- _WHAT NEEDS TO BE DONE_:
Would you reproduce, word for word, only the lines running from the top of the data through the line containing "活動第二項議題,進行黨員政治", and none of the pictures?

- _SOURCE DATA_:
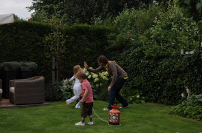 de dag er voor kunstgras om de zandbak aangelegd en het huis zag
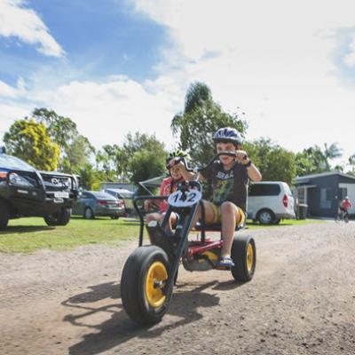 Bookings can be made at Reception and go-karts are available between 10am and 3:30pm. Parents will need to accompany children to Reception to sign the consent form. All riders and passengers must wear a helmet and appropriate enclosed footwear.
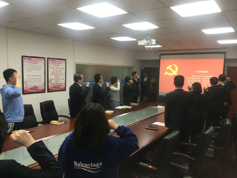 活動第二項議題,進行黨員政治生日活動,首先由支部書記南西寧同志宣布本季度過“政治生日”的黨員名單,并致辭;其次,根據(jù)活動議程依次向本季度過“政治生日”的徐晨、王方同志贈送政治生日賀卡,為其佩戴黨徽,全體黨員一起重溫入黨誓詞,增強黨內(nèi)組織生活的“儀式感”,隨后由公司黨委工作部況華同志向徐晨、王方同志贈送生日禮物,督促黨員同志不斷學習,不斷進步,最后由過“政治生日”的徐晨、王方同志發(fā)表生日感言:“通過這次黨員政治生日活動,喚起了我們的入黨初心,更加感受到身為黨員的責任和使命,也提醒自己要堅定理想信念,堅守使命責任,矢志不移的為黨和人民的事業(yè)努力奮斗”。
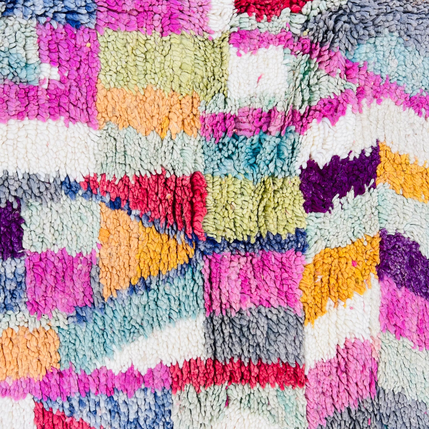 The pattern features playful angles and color stripes reminiscent of mountain landscapes and artistic abstraction—perfect for adding a touch of Moroccan charm to any living room, bedroom, or studio. Its thick wool texture provides warmth and comfort underfoot, while the unique design makes it a one-of-a-kind statement piece.

- _RESULT FOR THIS TASK_:
 de dag er voor kunstgras om de zandbak aangelegd en het huis zag
 Bookings can be made at Reception and go-karts are available between 10am and 3:30pm. Parents will need to accompany children to Reception to sign the consent form. All riders and passengers must wear a helmet and appropriate enclosed footwear.
 活動第二項議題,進行黨員政治生日活動,首先由支部書記南西寧同志宣布本季度過“政治生日”的黨員名單,并致辭;其次,根據(jù)活動議程依次向本季度過“政治生日”的徐晨、王方同志贈送政治生日賀卡,為其佩戴黨徽,全體黨員一起重溫入黨誓詞,增強黨內(nèi)組織生活的“儀式感”,隨后由公司黨委工作部況華同志向徐晨、王方同志贈送生日禮物,督促黨員同志不斷學習,不斷進步,最后由過“政治生日”的徐晨、王方同志發(fā)表生日感言:“通過這次黨員政治生日活動,喚起了我們的入黨初心,更加感受到身為黨員的責任和使命,也提醒自己要堅定理想信念,堅守使命責任,矢志不移的為黨和人民的事業(yè)努力奮斗”。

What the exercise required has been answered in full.